Bu kitabı okuduktan sonra Ankara’yı sadece gezmeyeceksiniz!
Dikmen sırtları. Mustafa Kemal ve arkadaşlarına, “Hoş geldiniz!” diye bağıracak, bir asır öncesine gideceksiniz!
St. Petersburg Meydanı. Özçekim yapacak, “Burası Ankara mı?” diye sorduracaksınız!
Taut. Mimar. Özgürlük senfonisi yazmış. Keyif ve gururla dinleyeceksiniz!
Egli. O da mimar. İzlerinin peşine düşecek, yorulacak ama bitirmek isteyeceksiniz!
İstasyondaki ev. Merdivenleri çıkacaksınız, ihanet; çıktığı odadaki lambayı yakacaksınız, bağlılık...

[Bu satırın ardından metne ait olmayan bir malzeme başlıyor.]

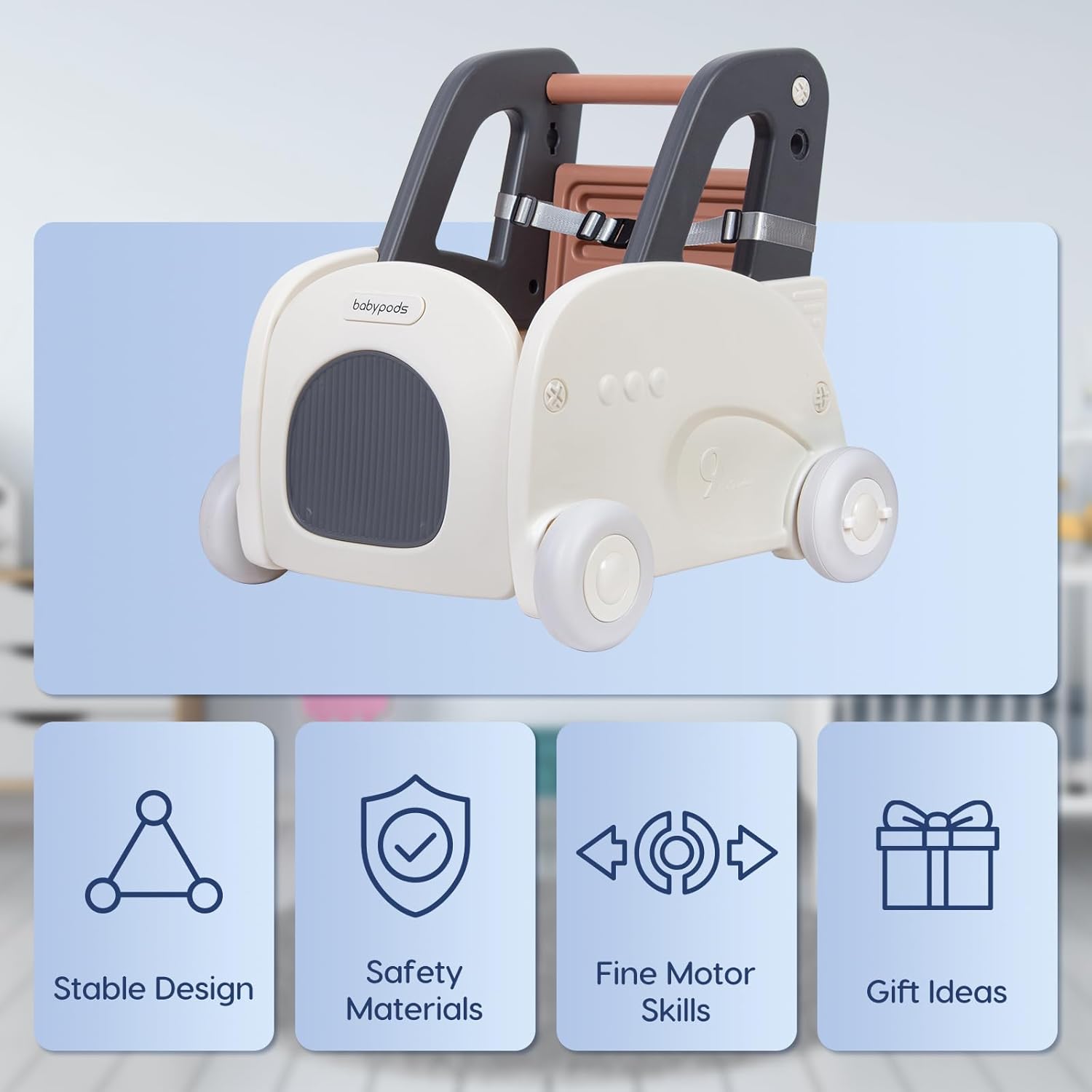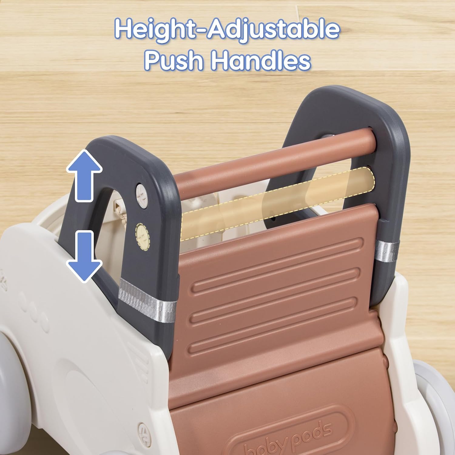 • Kontrollierbare Geschwindigkeit - Klappen Sie den Sitz nach oben, und er wird zu einem geräumigen Einkaufswagen! Sie können den Widerstand erhöhen, indem Sie Bücher oder Spielzeug in den Lauflernwagen legen, um die Geschwindigkeit des Babys beim

İnanın bana, ikisini de tüm yoğunluğuyla hissedeceksiniz!
Başka?
Tarih, resim-heykel, balon, dans-sevdiğinizle veya kelebeklerle, çiçek… Yok! Tüm kitabı sayamayacağım!
Sözün özü;
Arka kapağını okuduğunuz bu kitap, Başkent Ankara’yı anlatıyor. Farklı bakmanız, derinden hissetmeniz ve iyice yaşamanız için.